The full listing, excluding its pictures, should be printed exactly as it stands.

DATA PROVIDED

□ □ □ □

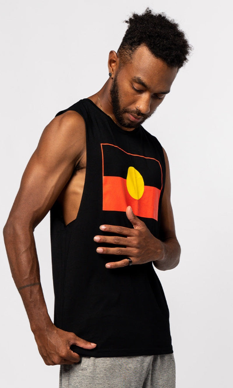For hot summer days you can’t go past a muscle tee featuring a bold graphic. Our men's tanks are composed of 100% combed cotton, making them super soft, comfortable and durable. Support Indigenous communities, and feel proud wearing the flag of the First People of our beautiful Country.
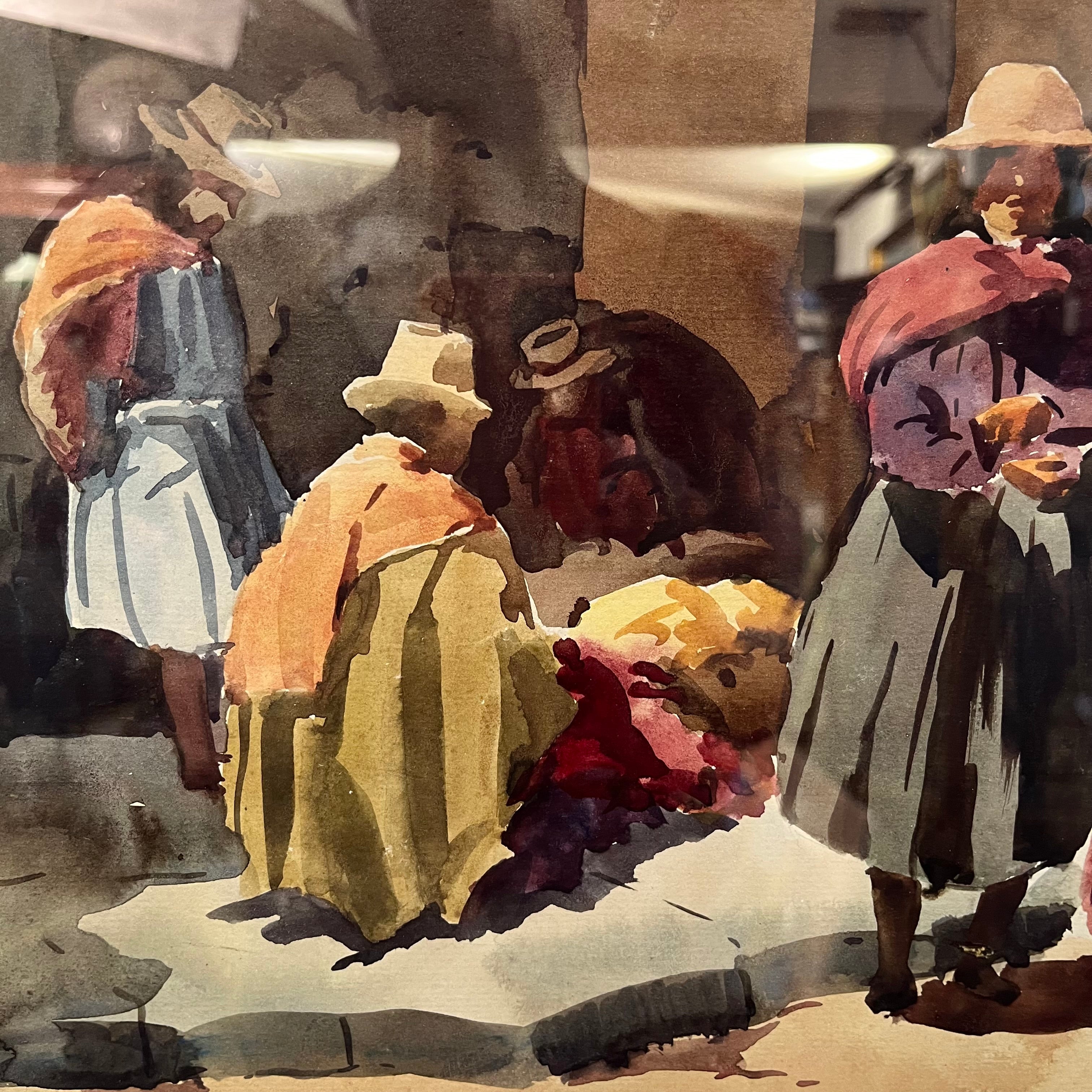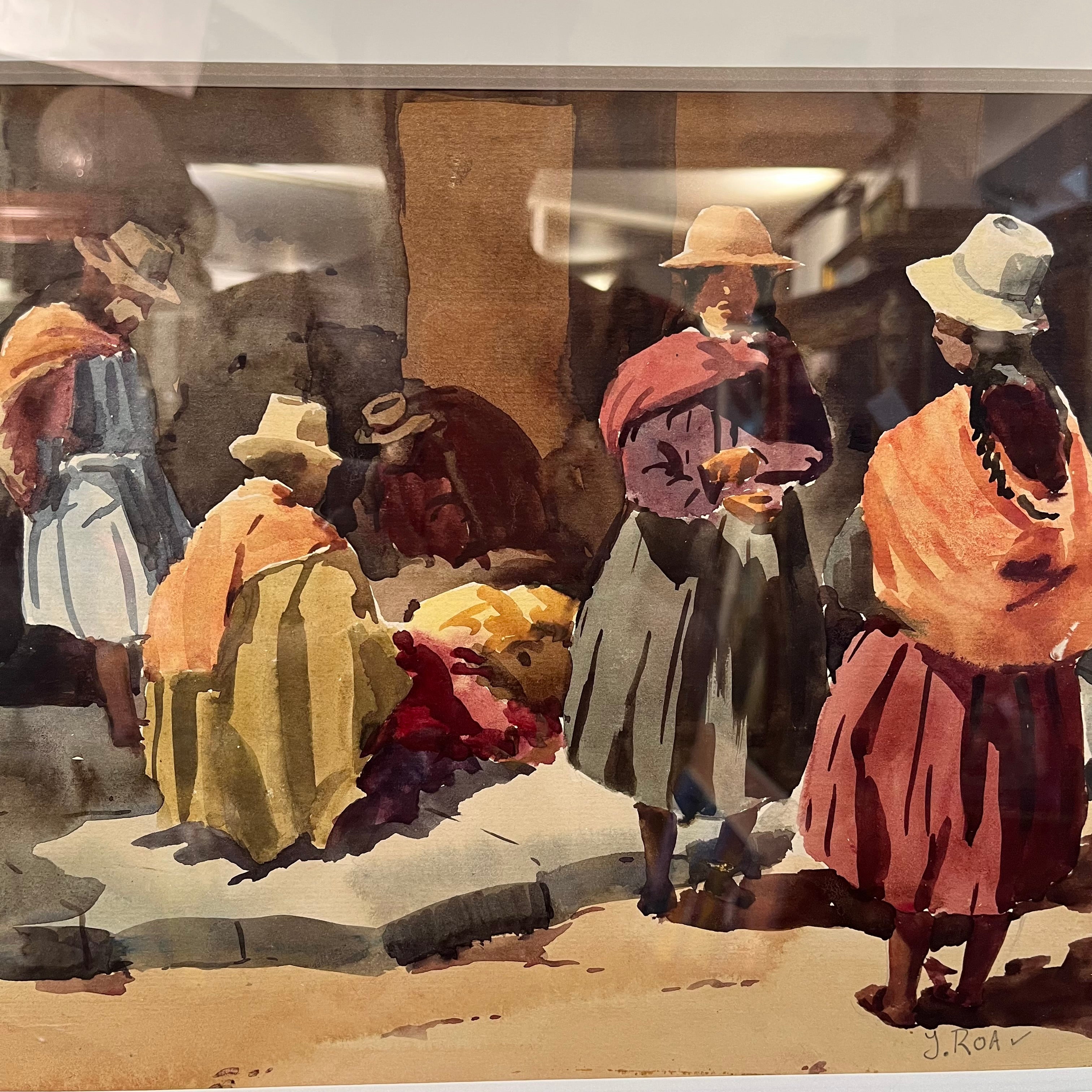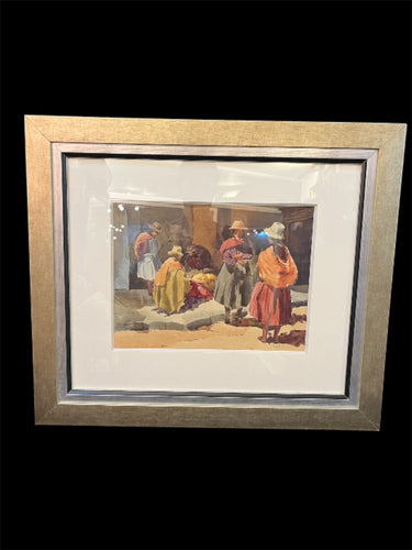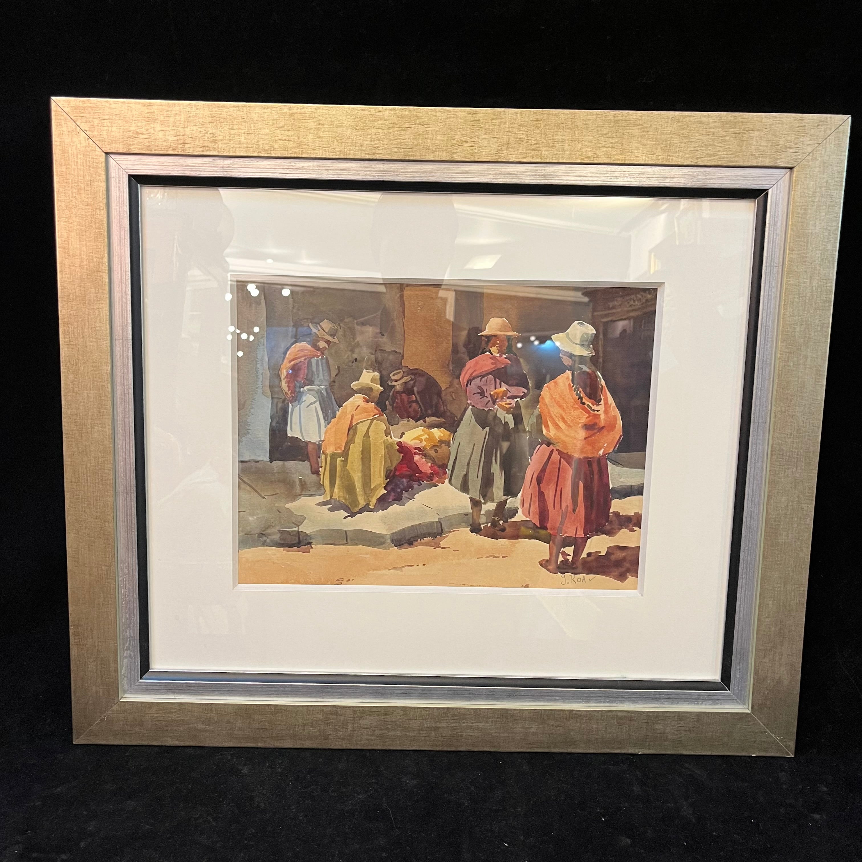 Atípica acuarela del pintor chileno Israel Roa, que retrata una hermosa escena de mujeres del norte, las clásicas cholas interactuando entre sí, en una calle. La pintura de intensos colores y marcadas siluetas encanta a primera vista con su singularidad.
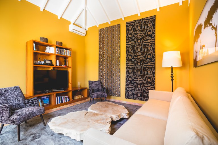 A separate, larger bungalow contains the living room, which has a comfortable L-shaped sofa, a plush armchair, a big TV, and views over the pool. There are two bedrooms on opposite sides of this living room, each with a queen bed. One of these has access to the pool; the other to a side deck. A floating staircase goes up to the large master bedroom, which has a king bed. The fourth bungalow occupies its own bungalow near the entrance to the villa compound, which also contains a TV room decorated in African style.
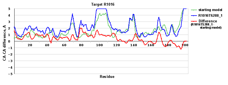 | Red line = (blue line) - (green thick line): difference between the corresponding Refined Model-Target and Starting Model-Target CA-CA distances (see above). Negative values show regions where the reifned model has better fit to the target than the starting model, i.e. areas of potential improvement. |

□ □ □ □

WRITTEN ANSWER
For hot summer days you can’t go past a muscle tee featuring a bold graphic. Our men's tanks are composed of 100% combed cotton, making them super soft, comfortable and durable. Support Indigenous communities, and feel proud wearing the flag of the First People of our beautiful Country.
 Atípica acuarela del pintor chileno Israel Roa, que retrata una hermosa escena de mujeres del norte, las clásicas cholas interactuando entre sí, en una calle. La pintura de intensos colores y marcadas siluetas encanta a primera vista con su singularidad.
 A separate, larger bungalow contains the living room, which has a comfortable L-shaped sofa, a plush armchair, a big TV, and views over the pool. There are two bedrooms on opposite sides of this living room, each with a queen bed. One of these has access to the pool; the other to a side deck. A floating staircase goes up to the large master bedroom, which has a king bed. The fourth bungalow occupies its own bungalow near the entrance to the villa compound, which also contains a TV room decorated in African style.
 | Red line = (blue line) - (green thick line): difference between the corresponding Refined Model-Target and Starting Model-Target CA-CA distances (see above). Negative values show regions where the reifned model has better fit to the target than the starting model, i.e. areas of potential improvement. |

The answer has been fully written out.